The \uN notation is certainly very valuable, but it’s particularly awkward because it uses signed 16-bit decimal values. To find out what the characters are you have to add 65536 to negative values and convert the results to hexadecimal. Furthermore a surrogate pair is represented by two \uN control words instead of one with an unsigned integer. So you have to convert two negative 16-bit decimal numbers to hex and then convert the resulting surrogate pair to the UTF-32 form to get what’s in the Unicode Standard. Since Word writes many RTF control words with unsigned 32-bit values, there really wasn’t any reason to stick with the original signed 16-bit convention. Standard RTF writers convert characters that can be represented using a standard Windows code page to that code page, making those characters virtually unreadable unless the code page is the Western 1252 code page. Meanwhile UTF-8 RTF simply displays all characters outright. If you paste a UTF-8 RTF file into Word, you can see the characters and use the alt+x hot key to examine their values in Unicode.

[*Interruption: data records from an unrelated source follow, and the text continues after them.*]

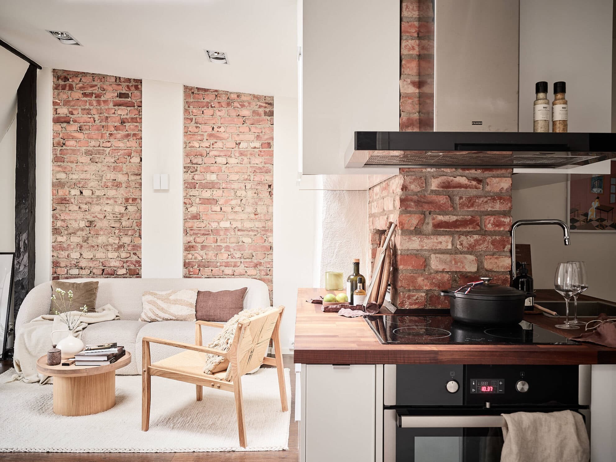Lägenhetens vardagsrum och kök är i enhet i en halvöppen, luftig och social planlösning med plats för både soffgrupp och matbord. Dagsljuset strömmar in genom takfönstret och den vackra takkupan med spröjsat fönster. Vid takkupan finns en fin sittbänk med förvaringsutrymme. Väggarna är vitmålade och enstavsparkett i mörk ek löper tröskelfritt genom ingången till sovrummet. De betsade takbjälkarna, frilagda tegelpartierna och fina dekorstenarna vid rummets putsade stenvägg är charmiga inslag. Ljussättningen ger stenväggen ett väldigt fint ljus på kvällarna och under vinterhalvåret. Köket följer murstocken på ett tilltalande sätt som även maximerar arbetsytan, och tack vare öppningen mot vardagsrummet kan matlagningen kombineras med umgänge. Köksbänken är i massiv valnöt med infälld spishäll och diskho. Ugnen, fläkten och kylen/frysen är i rostfri design medan diskmaskinen är integrerad i den vita köksinredningen. I en nisch i murstocken har en mikro installerats.
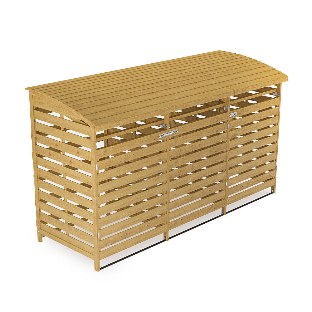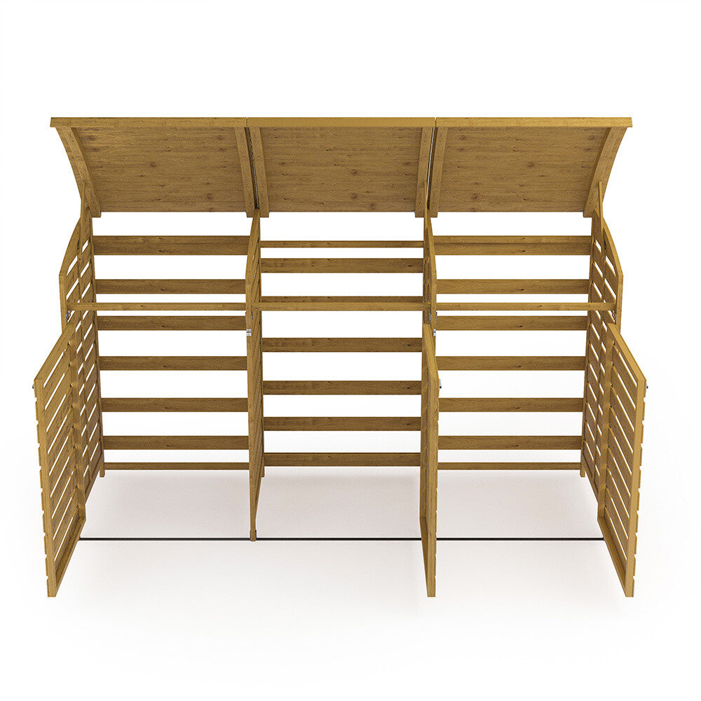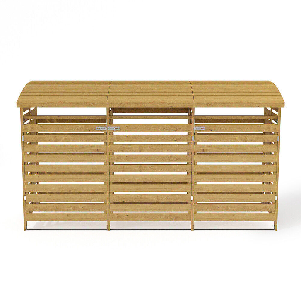 2.35m Triple Wooden Wheelie Bin Store Garden Shed Dustbin Storage w/Curved Cover
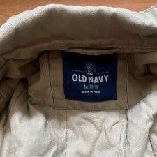 Old Navy Men's Beige Bomber Jacket Button Accents Stand-Up Collar Size M
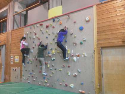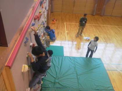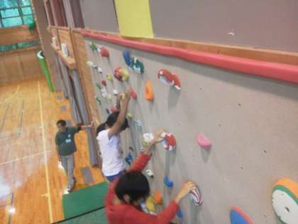 午後からの活動はボルダリングという壁を登っていく運動をしました。上の赤いラインをタッチするまでがんばって登りましたどこに足をかけ,どこを持つのか考えてボルダリングを楽しみました。制覇できて大満足でした。
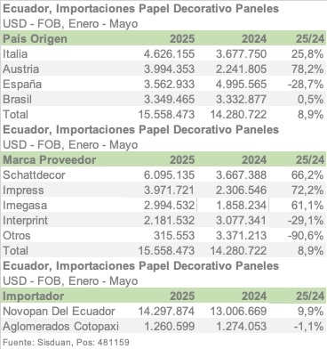 ECUADOR – Las importaciones ecuatorianas de papel decorativo para paneles de madera alcanzaron los USD 15,56 millones durante los primeros cinco meses de 2025 (5M-2025), lo que representa un aumento del 8,9% interanual, según datos de aduana.
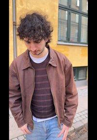 • Νεαρός με σγουρά μαλλιά φοράει καφέ δερμάτινο μπουφάν, σκούνο πουλόβερ και μπλε τζιν, στέκεται σε πεζοδρόμιο με κυβόλιθους δίπλα σε κίτρινο κτίριο.
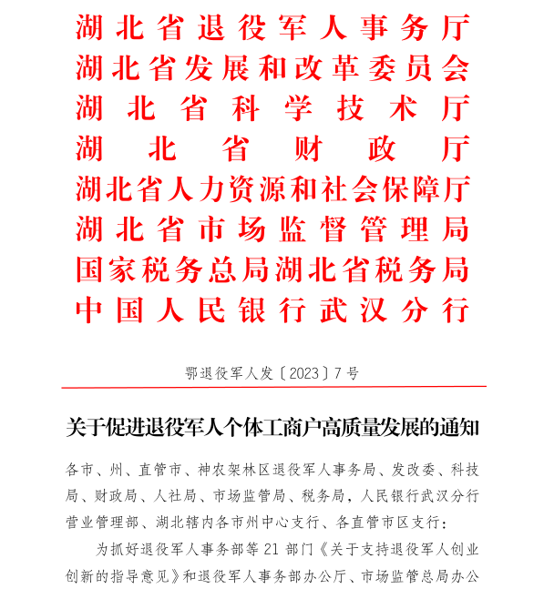 2023年3月21日,湖北省退役军人事务厅、省发展和改革委员会、省科学技术厅、省财政厅、省人力资源和社会保障厅、省市场监督管理局、国家税务总局湖北省税务局、中国人民银行武汉分行印发《关于促进退役军人个体工商户高质量发展的通知》,促进退役军人个体工商户(指在市场监管部门登记且经营者为退役军人的个体工商户)高质量发展,培育壮大退役军人市场主体,带动更多就业。
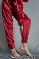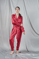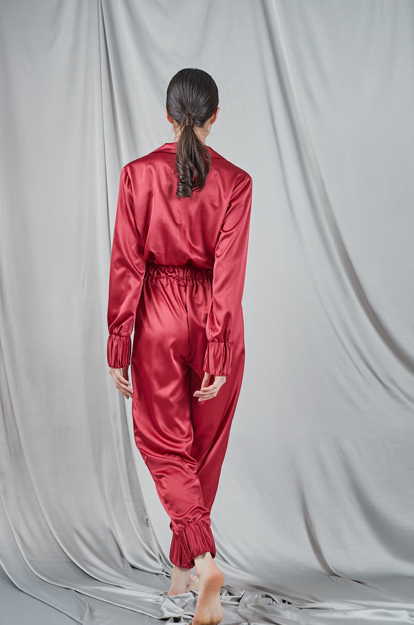 Burgundy jumpsuit, an example of elegance and style, perfect for special occasions or evenings when you want to shine. Made of satin, it combines luxury with comfort, featuring a classic collar, long sleeves and a button closure that allows you to adjust the neckline to your preferences. The waist is emphasized by a wide belt in tone, adding a defined contour to the silhouette. The pants are tight at the ankles, creating an interesting contrast with the generous volume at the hips and giving a modern allure to the entire outfit. The burgundy jumpsuit is ideal for impressing with a refined and memorable appearance.
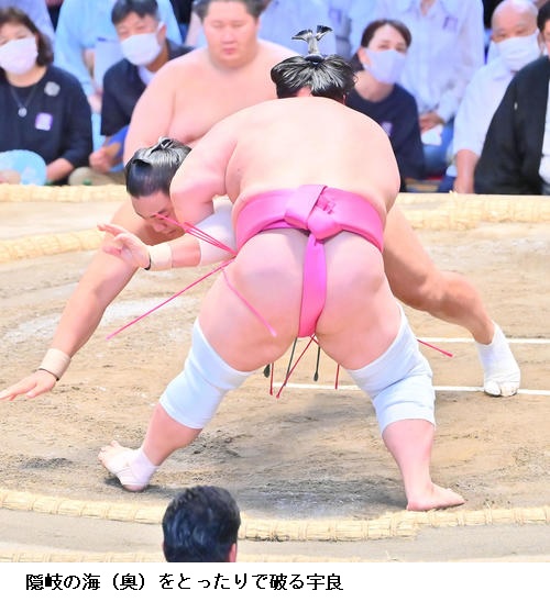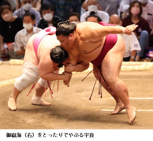 宇良は、不戦勝で6勝目を挙げ「支度部屋での準備は毎日の繰り返しなので崩さず、取組がない分、ふだんよりも体を動かした。何としても最後まで頑張りたい」と淡々としていました。
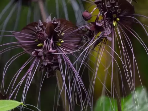 Китайский мышецвет (Tacca chantrieri) — экзотическое растение, произрастающее в затененных влажных лесах Китая и Малайзии. Внешний вид этого представителя рода Такка не вызывает особых вопросов до того, как он зацветает. Тогда появляются устрашающие черные цветы, напоминающие морду инопланетного существа. Местные жители, заметив эту схожесть, прозвали его «мышецветом» за его подобие к сказочным летучим мышам.
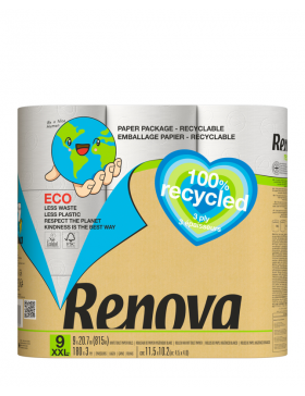 Papel higiénico blanco 100% reciclado, envuelto en embalaje de papel reciclable, rápidamente biodegradable y de alta calidad
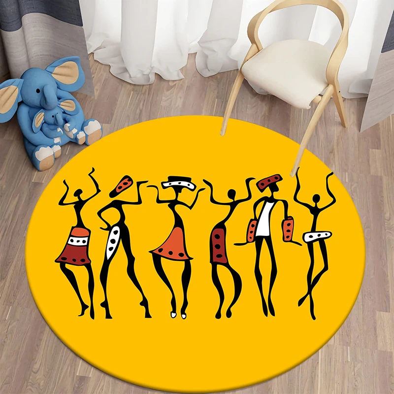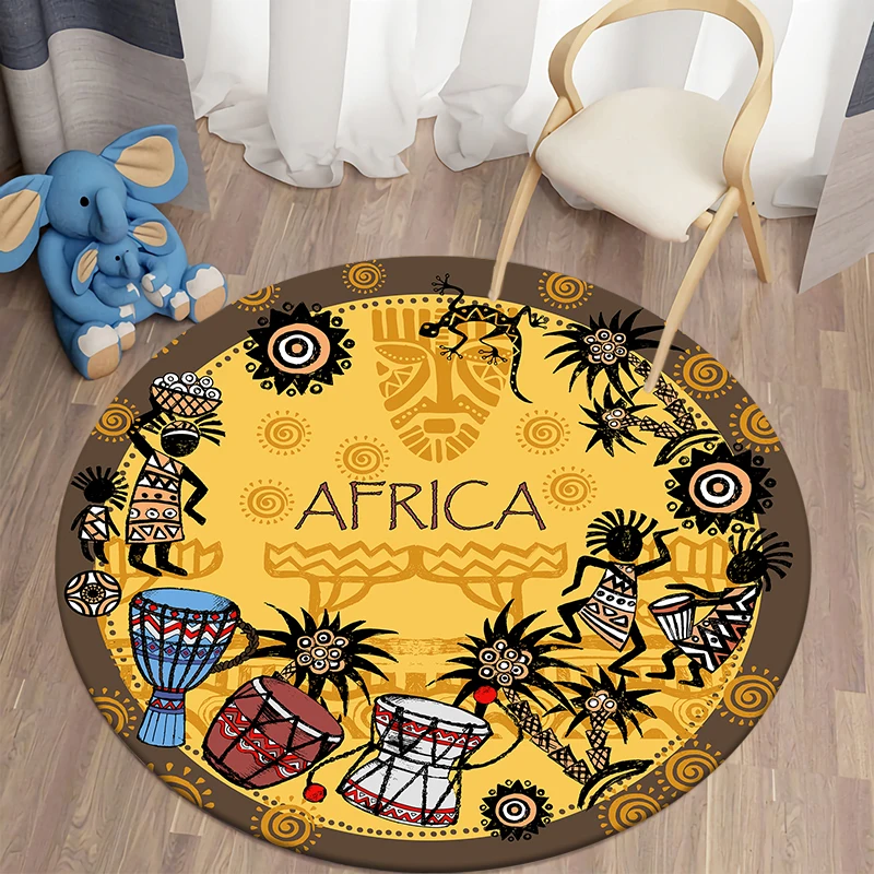 Круглый ковер в африканском стиле для гостиной, напольный коврик, ковер для спальни, нескользящий ретро-ковер с экзотической зоной, коврик для декора детской комнаты
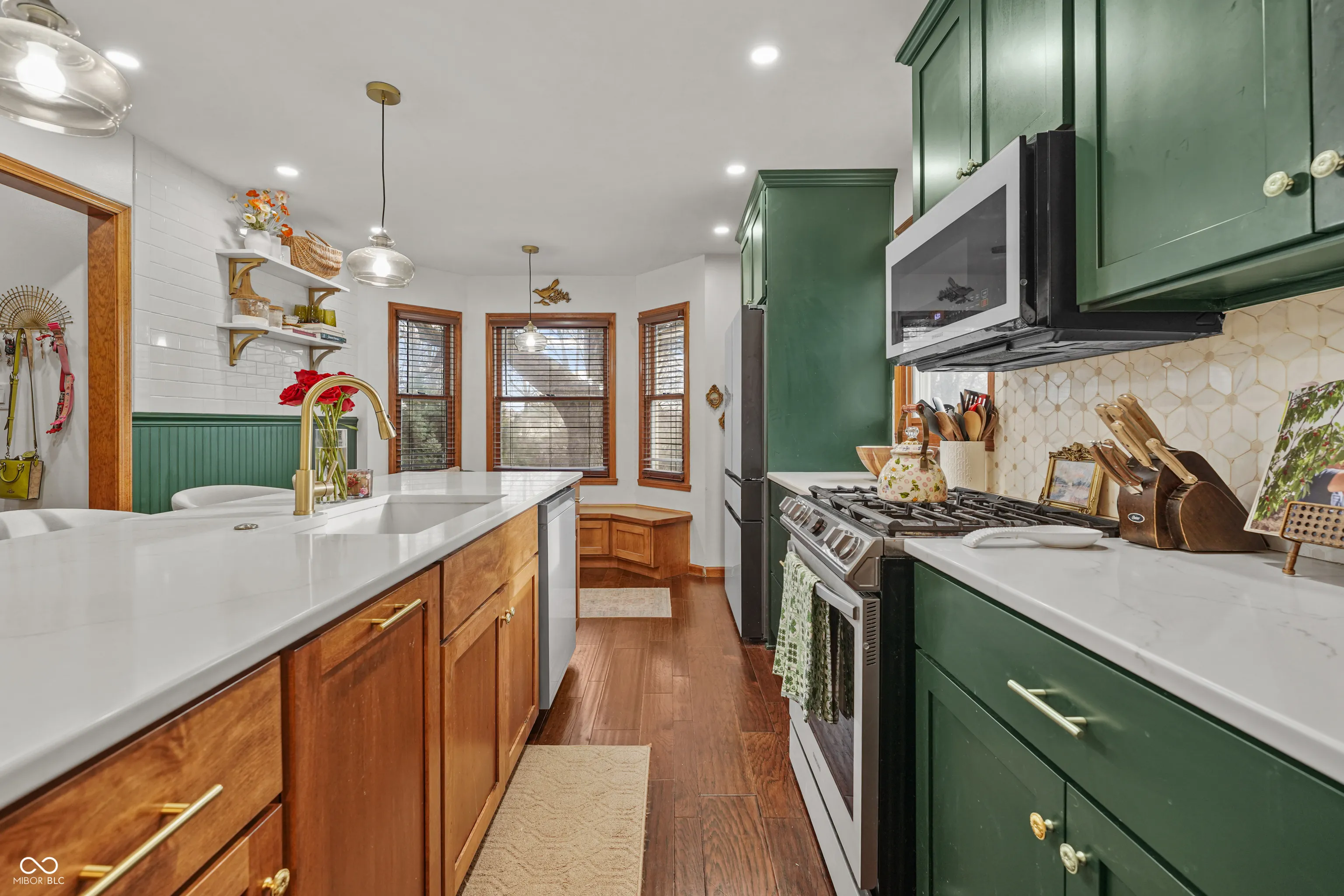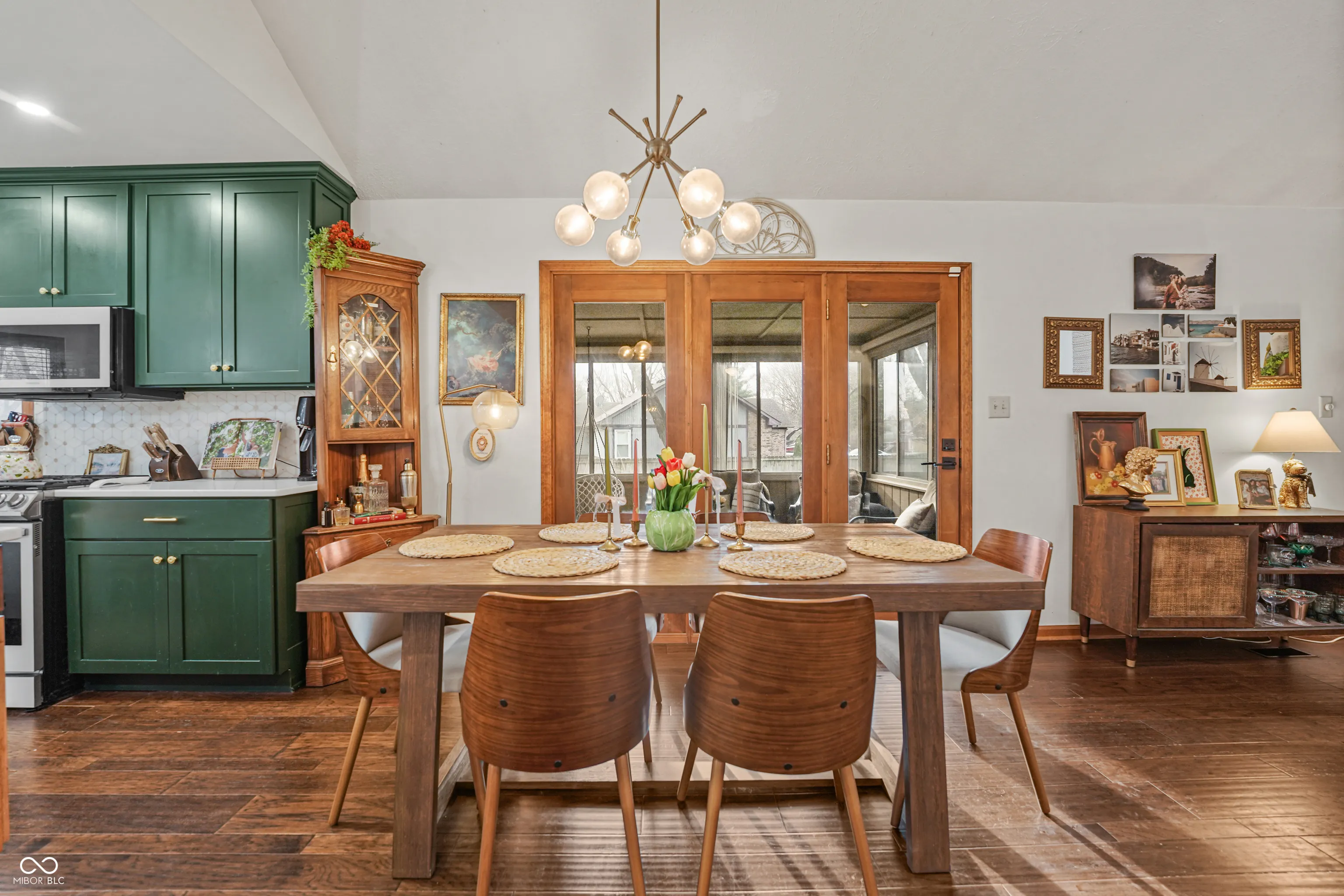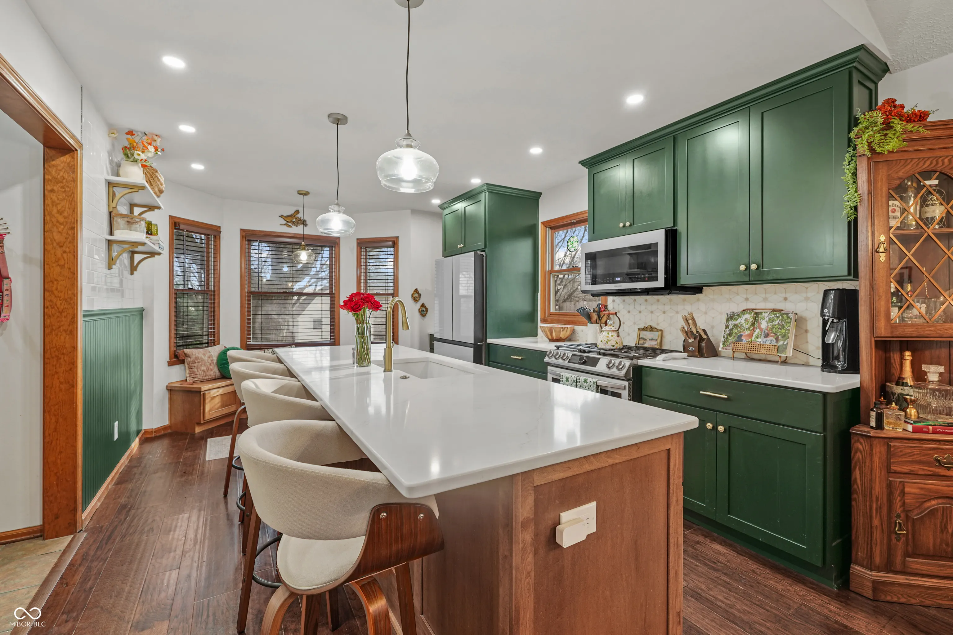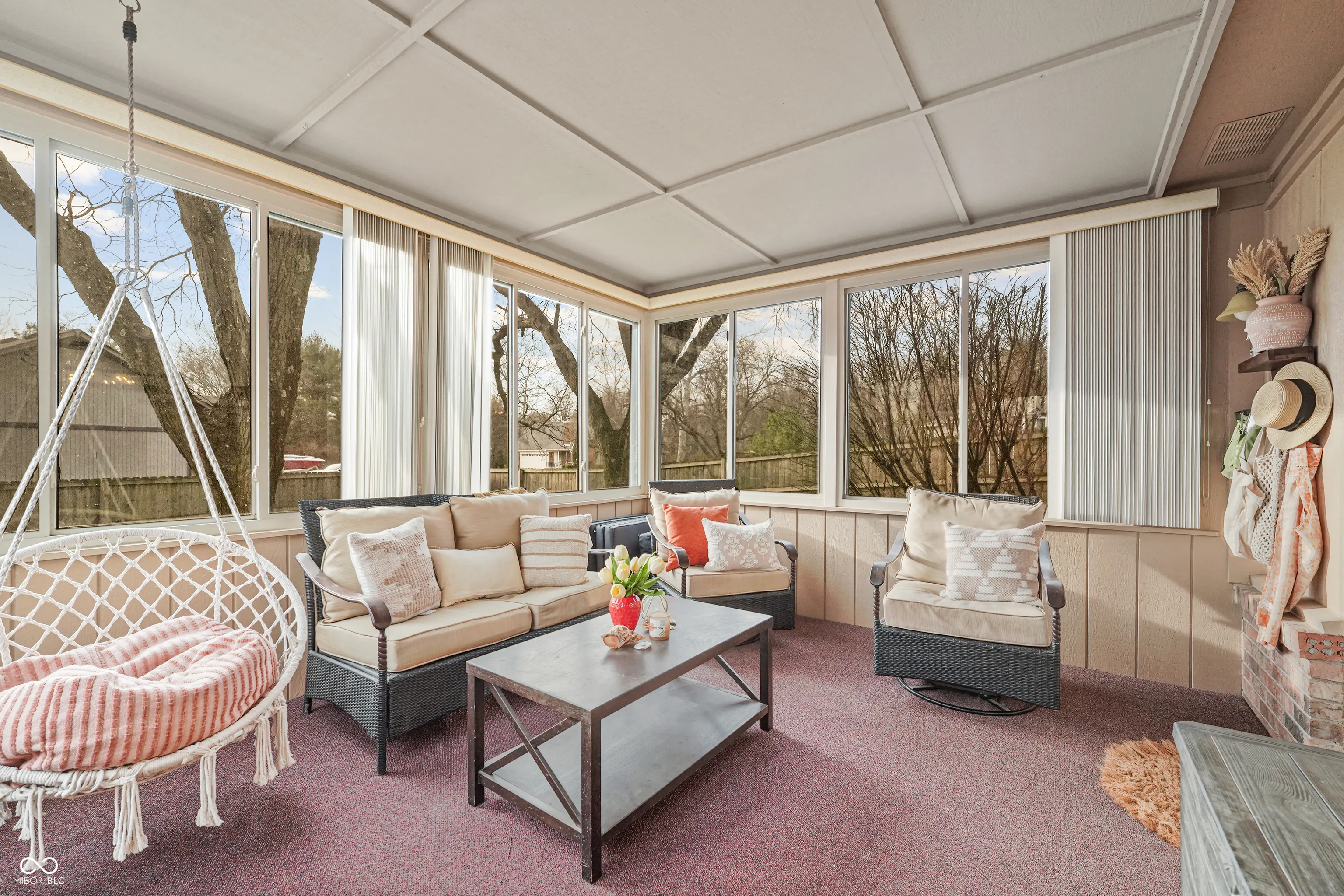 Welcome to a beautifully maintained single family home located within the highly sought after Center Grove Community School district. This 3 bedroom, 2 bathroom home offers 1,674 square feet of thoughtfully designed living space with an open concept layout ideal for both everyday living and entertaining. The kitchen serves as the heart of the home featuring stone countertops, shaker style cabinetry, a custom backsplash, and a large center island perfect for cooking, gathering, and casual dining. Natural light pours in from skylights while a warm wood accent wall adds character and charm. The spacious living room features vaulted ceilings with exposed wood beams and a cozy fireplace that creates an inviting atmosphere. Skylights enhance the open feel and bring in additional natural light throughout the main living areas. The primary suite includes a walk-in closet and an updated bathroom with a beautifully tiled walk-in shower designed for comfort and relaxation. Each additional bedroom also includes walk-in closets providing excellent storage. A dedicated laundry room adds convenience to the functional layout. Situated on a large .62 acre lot, the outdoor spaces provide multiple areas for relaxation and entertaining including a sunroom, spacious deck, patio, and outdoor dining area. The fenced backyard features a fire pit and a hot tub installed in 2025, creating the perfect setting for outdoor gatherings. Recent improvements totaling over $45,000 include wood flooring, new carpet, primary bathroom updates, exterior home paint, driveway replacement, kitchen renovation, and a new hot tub installed in 2025. This Greenwood location offers convenient access to major employers, shopping, and healthcare including Franciscan Health Indianapolis, Community Hospital South, and IU Health Methodist Hospital. Easy access to Interstate 65 and State Road 135 makes commuting to downtown Indianapolis, & Greenwood Park Mall

Makes one think the UTF-8 RTF format is really a much better format than the original RTF format. Except that only RichEdit understands it.

Comments

  • Anonymous
    November 28, 2013
    > Except that only RichEdit understands it. Well, you just proved Notepad does so, too! But, more seriously, I also implemented UTF-8 reading capability in my RTF formula editor because it's not difficult and allows recognition of plain text strings in many places where RTF is required.

  • Anonymous
    November 28, 2013
    Very intriguing. Did you just use a cpg65001 in the fN entry in the font table? In RichEdit, UTF-8 uses urtf1 instead of rtf1 to signal UTF-8, but it might actually be more general to use the cpg65001. Have to check to see if Word understands that...

  • Anonymous
    November 30, 2013
    The comment has been removed

  • Anonymous
    July 06, 2015
    The comment has been removed

    • Anonymous
      February 03, 2017
      Shift-JIS is marked by \fcharset128. UTF-8 RTF starts with {\urtf1 instead of {\rtf1, but \ansicpg65001 would have been a good choice too. And UTF-8 can be autorecognized. Sometimes it starts with the UTF-8 byte order mark (0xEF, 0xBB, 0xBF) and even without the BOM, the regularity of UTF-8 allows a program to recognize it reliably if it has a few nonASCII bytes.